Type I Error Rate Higher than Significance Level in Likelihood Ratio Test for Exponential Distribution
Problem Description
I am conducting a Likelihood Ratio Test (LRT) to determine if data from a two-parameter exponential distribution fits a one-parameter exponential distribution (with the location parameter fixed at zero). However, I'm observing that the Type I error rate is significantly higher than the set significance level. I am looking for insights into why this discrepancy might be occurring.
Mathematical Formulation
The LRT compares two models:
- Full Model: A two-parameter exponential distribution, estimating both the rate $\lambda$ and location $\theta$ parameters.
- Reduced Model: A one-parameter exponential distribution, with the location parameter fixed at zero and only the rate parameter estimated.
The hypothesis tested is:
- Null Hypothesis ($H_0$): The data follows a one-parameter exponential distribution ($\theta = 0$).
- Alternative Hypothesis ($H_1$): The data follows a two-parameter exponential distribution ($\theta \neq 0$).

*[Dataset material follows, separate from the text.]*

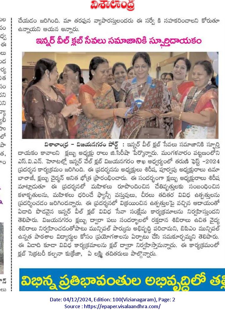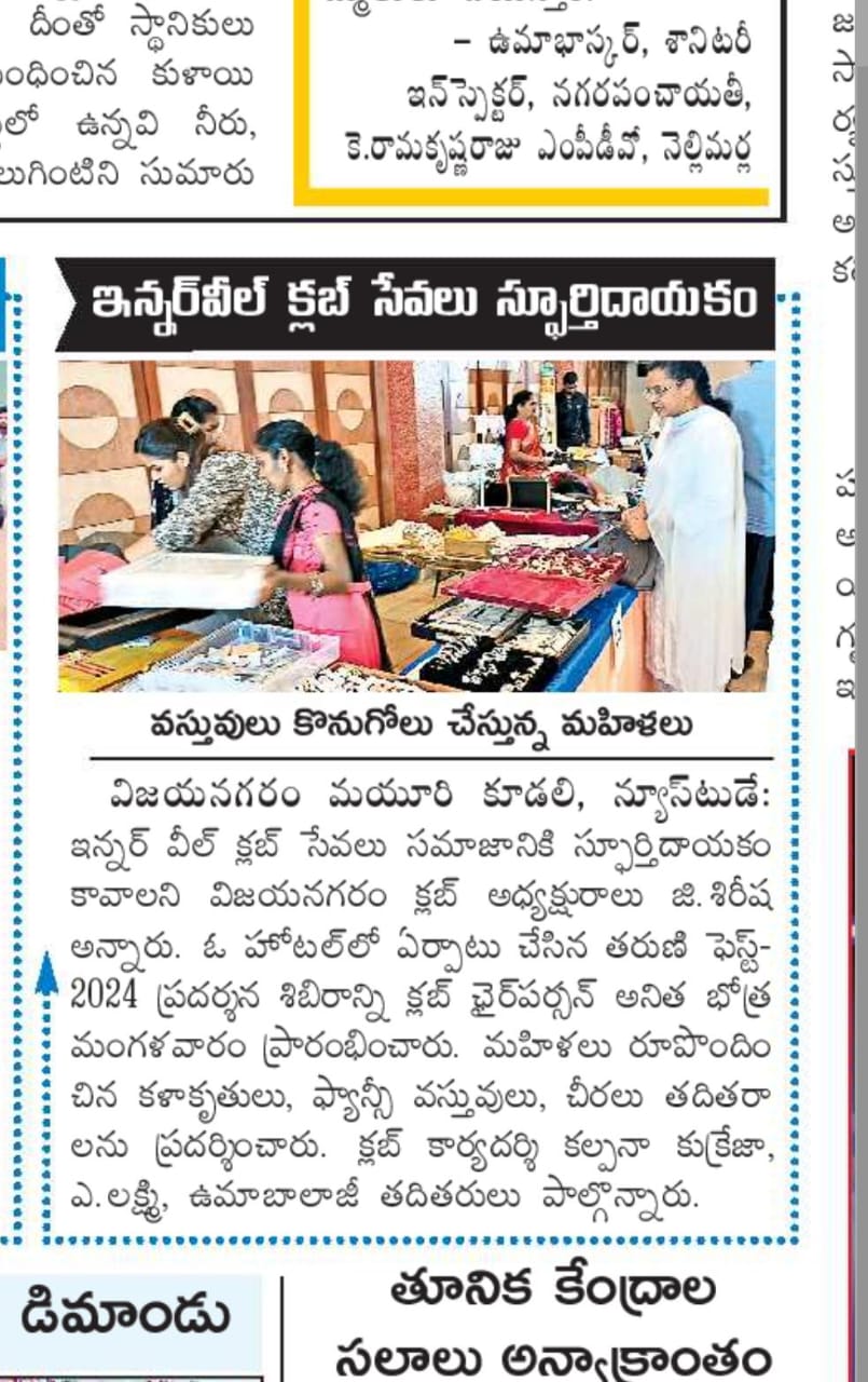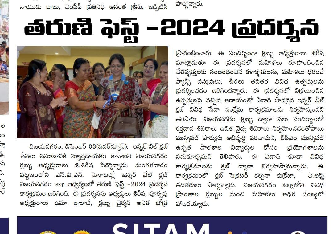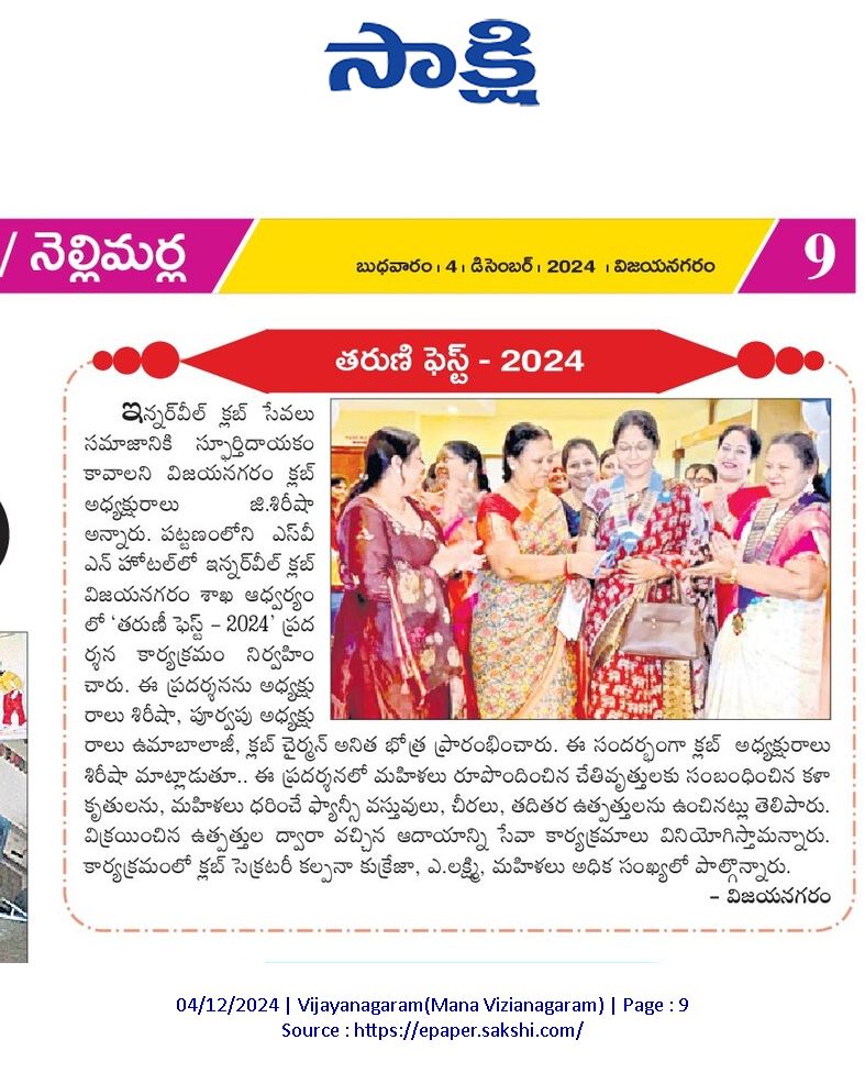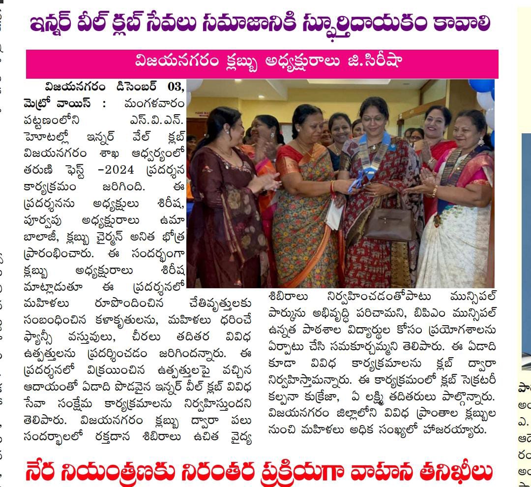 We organised a Taruni shopping fest 2024 on 3rd December..before Pongal..,.we invited all ladies who do buisness at their houses in small scale like selling dresses,sarees,do works on blouses ,bakes cakes and cookies…to highlight this programme we invited gold shops also…..concept is….. Women supporting Women…..conducting some games we collected amount for school bags to children….it is a very good Branding programme too.There was a very good media coverage too

The test statistic $\Lambda$ is calculated as: $\Lambda = -2 \times (\text{LL}_{\text{reduced}} - \text{LL}_{\text{full}}) $ where $\text{LL}_{\text{reduced}}$ and $\text{LL}_{\text{full}}$ are the log-likelihoods of the reduced and full models, respectively. The p-value is then obtained from the chi-square distribution with 1 degree of freedom.
Python Implementation
Here's the code I'm using for the LRT and the simulation to calculate the Type I error rate:
import numpy as np
from scipy.stats import expon, chi2
from scipy.optimize import minimize
def log_likelihood_two_param(data, params):
theta, lamb = params
data_adj = data[data >= theta]
if len(data_adj) < len(data) or lamb <= 0:
return -np.inf
return np.sum(np.log(lamb) - lamb * (data_adj - theta))
def log_likelihood_one_param(data, lamb):
if lamb <= 0:
return -np.inf
return np.sum(np.log(lamb) - lamb * data)
def likelihood_ratio_test(data):
res_full = minimize(lambda params: -log_likelihood_two_param(data, params),
x0=[np.min(data), 1/np.mean(data)], method='L-BFGS-B', bounds=[(np.min(data), np.max(data)), (0, None)])
LL_full = -res_full.fun
res_reduced = minimize(lambda lamb: -log_likelihood_one_param(data, lamb),
x0=[1/np.mean(data)], method='L-BFGS-B', bounds=[(0, None)])
LL_reduced = -res_reduced.fun
Lambda = -2 * (LL_reduced - LL_full)
p_value = chi2.sf(Lambda, 1)
return p_value
def simulate_and_test(sample_size, theta_true, lambda_true, significance_level, num_simulations):
type_1_errors = 0
for _ in range(num_simulations):
data = np.random.exponential(1/lambda_true, sample_size) + theta_true
p_value = likelihood_ratio_test(data)
if p_value < significance_level:
type_1_errors += 1
return type_1_errors
# Simulation parameters
num_simulations = 1000
significance_level = 0.05
sample_size = 100
theta_true = 0 # Null hypothesis
lambda_true = 0.1 # Rate parameter
type_1_error_count = simulate_and_test(sample_size, theta_true, lambda_true, significance_level, num_simulations)
type_1_error_rate = type_1_error_count / num_simulations
print(type_1_error_rate)
The output indicates a Type I error rate (around 0.15) significantly higher than the set significance level (0.05).
Question
Could anyone help me understand why the Type I error rate is higher than expected in this simulation? Are there any issues with the implementation of the LRT or the assumptions underlying the test?